Nach offiziellen Angaben befinden sich derzeit noch rund 2.500 US-Soldaten in Afghanistan. Zum Höhepunkt vor zehn Jahren waren es rund 100.000 amerikanische Soldaten. Zuletzt waren inklusive der US-Truppen insgesamt noch etwa 10.000 Soldaten aus NATO-Ländern und Partnernationen in Afghanistan, um die demokratisch gewählte Regierung durch die Ausbildung und Beratung von Sicherheitskräften zu unterstützen. Unter ihnen sind rund 1.000 deutsche und 16 österreichische Bundesheer-Soldaten.

Die Afghanistan-Entscheidung gehört zu den heikelsten, die Biden in seiner jungen Amtszeit treffen musste. Beide Optionen - Rückzug oder Verbleib - gelten als riskant. Eine vom US-Kongress eingesetzte Expertengruppe empfahl in einem Bericht im Februar, dass die US-Regierung im Doha-Abkommen verbleibt, die Truppen aber nicht zum 1. Mai abzieht, sondern erst dann, wenn die Taliban ihre Verpflichtungen erfüllt haben.

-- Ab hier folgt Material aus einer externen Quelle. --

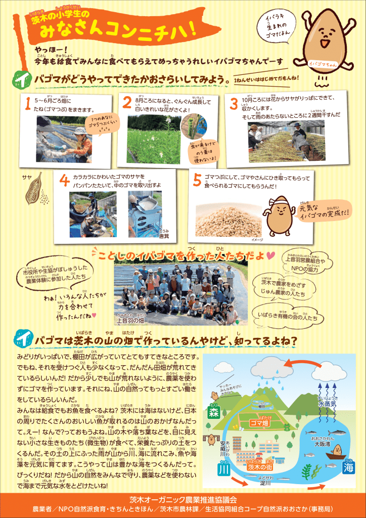 茨木市の全小学校の給食に無農薬のゴマ(イバゴマ)を使ってもらうことができました!

Ein Verbleib in Afghanistan über den 1. Mai hinaus birgt die Gefahr, dass westliche Truppen wieder Ziel von Gewalttaten der Taliban werden. Wegen dieses Szenarios hat etwa die deutsche Verteidigungsministerin Annegret Kramp-Karrenbauer bereits in Absprache mit den militärischen Spitzen angeordnet, die Schutzmaßnahmen für die Bundeswehrsoldaten zu verstärken.

Im Fall eines Rückzugs zum 1. Mai sahen die Experten unter anderem die Gefahr einer Machtübernahme der Taliban, eines erneuten Bürgerkrieges, einer terroristischen Bedrohung für die USA und einer weiteren Flüchtlingskrise mit Auswirkungen auch auf die EU.